『medium 霊媒探偵 城塚翡翠』相沢沙呼

言われてみればカバー絵が『屍人荘の殺人』の人の手になるものだ。
(セーラー服の)スカーフを手に巻きつけた緑の目の黒髪女子。あざとさを感じる。(なおスカーフは書籍内、第3の殺人のモチーフ)

「このミステリーがすごい」で大賞を受賞した作品らしく、そして確かにこのプロットには騙された。よくできている。

霊媒を職業とする女の子が、無念を残して死んだ人のおもいを感知するその能力を役に立てるべく、(警察につてのある)推理小説作家と手をくんで謎解きをする──というのが大枠。

霊界と人の世界をつなぐ媒介(メディウム、霊媒)と、これを人の法の世界に媒介する小説家と、というタイトル2段構成。なにしろ言葉を持たない霊が示すのは断片的な材料。霊媒の翡翠が読みとった材料を組みあわせて警察を動かしうる推理とするのが小説家。起きてしまっている事件の状況証拠から筋道を逆向きに読みとる倒叙式推理。この断片の組みあわせかたが読ませる。

一方で各断章の間に差しはさまれる不穏な殺人事件。無欠のシリアルキラーが狙いを定めたのは翡翠。その死はあらかじめ1章の時点で本人も予見している。
殺人鬼と翡翠の暮らしが(そしてその死が)どのように交差するのか。

霊媒と探偵の二人三脚は、最後に探偵によるあざやかな倒叙の解決を見せる!
(ここから探偵が謎を解きますが、自分で考えなくてもよいですか? という確認が繰りかえし入る。僕は解けないのであっさり読みすすめて、へえ、ほお、ふうん!)

* * *

作品にカメラがからむ話が多いので写真部出身なのだろうか? とはおもっていたけれど、どうやらマジックの側らしい。授賞式でマジックを披露したこともあるのだとか。
そういえば『真夜中のサンドリオン』だったか、マジックをネタにして謎解きをするミステリーが最初だった記憶がある。

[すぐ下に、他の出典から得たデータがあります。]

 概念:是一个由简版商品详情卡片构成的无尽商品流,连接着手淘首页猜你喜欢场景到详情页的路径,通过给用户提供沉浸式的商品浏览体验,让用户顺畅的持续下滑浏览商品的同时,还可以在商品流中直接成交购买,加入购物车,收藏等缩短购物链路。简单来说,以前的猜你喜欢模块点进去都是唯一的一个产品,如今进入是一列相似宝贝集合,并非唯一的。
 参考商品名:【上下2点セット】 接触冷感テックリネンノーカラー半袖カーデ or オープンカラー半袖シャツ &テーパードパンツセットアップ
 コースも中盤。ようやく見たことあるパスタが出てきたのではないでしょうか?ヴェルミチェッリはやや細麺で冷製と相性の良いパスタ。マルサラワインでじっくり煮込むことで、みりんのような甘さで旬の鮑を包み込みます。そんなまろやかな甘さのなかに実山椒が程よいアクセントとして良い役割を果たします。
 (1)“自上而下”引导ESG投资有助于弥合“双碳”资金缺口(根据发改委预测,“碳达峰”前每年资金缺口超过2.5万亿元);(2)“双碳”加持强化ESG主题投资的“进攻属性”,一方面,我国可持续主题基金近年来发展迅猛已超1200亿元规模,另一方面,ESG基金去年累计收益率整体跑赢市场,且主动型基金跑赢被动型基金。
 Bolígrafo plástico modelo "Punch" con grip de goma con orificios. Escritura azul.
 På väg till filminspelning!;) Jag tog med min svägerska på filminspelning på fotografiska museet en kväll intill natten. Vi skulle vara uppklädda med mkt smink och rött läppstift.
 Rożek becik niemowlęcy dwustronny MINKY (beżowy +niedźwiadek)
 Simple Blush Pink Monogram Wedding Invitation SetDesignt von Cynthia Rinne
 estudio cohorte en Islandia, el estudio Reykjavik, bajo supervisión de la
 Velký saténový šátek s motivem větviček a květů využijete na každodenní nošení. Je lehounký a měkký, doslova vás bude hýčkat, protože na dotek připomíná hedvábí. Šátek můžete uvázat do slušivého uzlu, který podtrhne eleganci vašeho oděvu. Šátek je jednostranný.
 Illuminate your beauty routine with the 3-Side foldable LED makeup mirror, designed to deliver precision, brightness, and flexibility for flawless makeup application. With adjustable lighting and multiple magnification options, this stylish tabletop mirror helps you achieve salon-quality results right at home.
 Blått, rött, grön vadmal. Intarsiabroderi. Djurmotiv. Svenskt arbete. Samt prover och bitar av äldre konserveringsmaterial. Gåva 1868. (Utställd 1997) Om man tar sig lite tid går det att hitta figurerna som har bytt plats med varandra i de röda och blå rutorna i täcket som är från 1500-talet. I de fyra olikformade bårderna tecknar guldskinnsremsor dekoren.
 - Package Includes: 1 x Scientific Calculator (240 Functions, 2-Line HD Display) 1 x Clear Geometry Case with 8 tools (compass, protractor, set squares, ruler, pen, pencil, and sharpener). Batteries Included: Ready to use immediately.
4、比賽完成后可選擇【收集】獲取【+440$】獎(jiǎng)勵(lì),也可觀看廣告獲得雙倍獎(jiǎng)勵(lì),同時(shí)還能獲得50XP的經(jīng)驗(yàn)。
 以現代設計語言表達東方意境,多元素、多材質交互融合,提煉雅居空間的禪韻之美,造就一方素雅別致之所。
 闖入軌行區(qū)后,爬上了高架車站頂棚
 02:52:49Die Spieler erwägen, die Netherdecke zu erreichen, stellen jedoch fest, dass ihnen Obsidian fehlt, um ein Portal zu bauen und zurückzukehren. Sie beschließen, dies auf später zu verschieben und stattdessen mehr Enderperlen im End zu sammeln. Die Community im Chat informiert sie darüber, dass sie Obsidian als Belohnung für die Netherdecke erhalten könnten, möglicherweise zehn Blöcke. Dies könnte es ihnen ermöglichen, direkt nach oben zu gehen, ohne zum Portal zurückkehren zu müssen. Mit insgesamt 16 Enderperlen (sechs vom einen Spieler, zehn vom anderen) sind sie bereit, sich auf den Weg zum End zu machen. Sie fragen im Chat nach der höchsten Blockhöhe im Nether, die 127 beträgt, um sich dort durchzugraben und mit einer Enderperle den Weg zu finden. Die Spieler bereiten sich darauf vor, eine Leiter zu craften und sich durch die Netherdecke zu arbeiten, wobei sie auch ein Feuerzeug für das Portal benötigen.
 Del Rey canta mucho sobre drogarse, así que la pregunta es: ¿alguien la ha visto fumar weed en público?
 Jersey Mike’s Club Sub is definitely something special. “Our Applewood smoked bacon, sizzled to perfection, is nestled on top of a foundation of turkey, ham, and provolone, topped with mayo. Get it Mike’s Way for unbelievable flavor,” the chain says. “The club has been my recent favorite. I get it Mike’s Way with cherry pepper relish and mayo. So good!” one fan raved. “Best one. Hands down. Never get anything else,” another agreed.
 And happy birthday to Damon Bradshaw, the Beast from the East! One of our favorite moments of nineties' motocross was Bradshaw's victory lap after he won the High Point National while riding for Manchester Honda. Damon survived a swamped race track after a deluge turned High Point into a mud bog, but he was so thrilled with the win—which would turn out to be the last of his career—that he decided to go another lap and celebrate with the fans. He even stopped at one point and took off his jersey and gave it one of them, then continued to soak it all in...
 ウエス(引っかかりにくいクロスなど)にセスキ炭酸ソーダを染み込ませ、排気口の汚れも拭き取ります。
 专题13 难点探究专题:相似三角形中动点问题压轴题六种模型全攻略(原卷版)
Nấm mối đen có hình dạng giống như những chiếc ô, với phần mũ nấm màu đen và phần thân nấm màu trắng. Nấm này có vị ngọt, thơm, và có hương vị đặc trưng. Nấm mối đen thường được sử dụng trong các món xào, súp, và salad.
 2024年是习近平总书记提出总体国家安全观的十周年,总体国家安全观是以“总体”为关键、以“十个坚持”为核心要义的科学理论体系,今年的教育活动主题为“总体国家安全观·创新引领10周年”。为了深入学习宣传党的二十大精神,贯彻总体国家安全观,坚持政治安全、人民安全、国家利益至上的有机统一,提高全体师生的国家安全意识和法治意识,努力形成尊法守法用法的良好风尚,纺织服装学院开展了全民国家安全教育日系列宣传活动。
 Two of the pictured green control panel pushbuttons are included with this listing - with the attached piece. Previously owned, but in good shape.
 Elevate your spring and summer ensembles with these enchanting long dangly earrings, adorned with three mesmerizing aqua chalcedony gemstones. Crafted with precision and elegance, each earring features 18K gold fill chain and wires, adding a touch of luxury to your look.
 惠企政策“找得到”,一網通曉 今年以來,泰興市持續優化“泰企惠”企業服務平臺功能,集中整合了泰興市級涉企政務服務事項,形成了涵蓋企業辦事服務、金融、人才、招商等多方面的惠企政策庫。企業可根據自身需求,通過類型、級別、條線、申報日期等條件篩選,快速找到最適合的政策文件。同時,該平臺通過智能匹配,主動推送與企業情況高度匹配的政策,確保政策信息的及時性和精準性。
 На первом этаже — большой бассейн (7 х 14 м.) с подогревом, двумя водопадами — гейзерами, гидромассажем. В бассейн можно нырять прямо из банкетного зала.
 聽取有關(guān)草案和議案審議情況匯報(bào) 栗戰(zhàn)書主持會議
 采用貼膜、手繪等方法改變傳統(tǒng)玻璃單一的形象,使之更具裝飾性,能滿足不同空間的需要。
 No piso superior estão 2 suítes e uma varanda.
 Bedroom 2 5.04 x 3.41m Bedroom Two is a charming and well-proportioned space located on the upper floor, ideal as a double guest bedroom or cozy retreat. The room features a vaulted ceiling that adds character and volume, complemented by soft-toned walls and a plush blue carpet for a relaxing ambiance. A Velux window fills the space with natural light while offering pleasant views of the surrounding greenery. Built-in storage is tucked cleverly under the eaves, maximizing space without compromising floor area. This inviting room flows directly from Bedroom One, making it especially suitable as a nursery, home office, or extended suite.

こうして振りかえると相沢沙呼は「マジック」、「カメラ」、「女性の服装の構造」、「サディスティックな女性とマゾヒスティックな男性ペア」、「ミステリ」というキーワードで作品を語れる気がする。

マジックは観客の注意を誘導して、マジシャンの見せたいものを劇的に演出する。相沢沙呼はミステリーという小説舞台でさまざまな小道具をつかってマジックを披露しているんだな、とおもうとストンと腑に落ちる。

* * *

いやしかし、ほんとうにこのミステリはすごかった。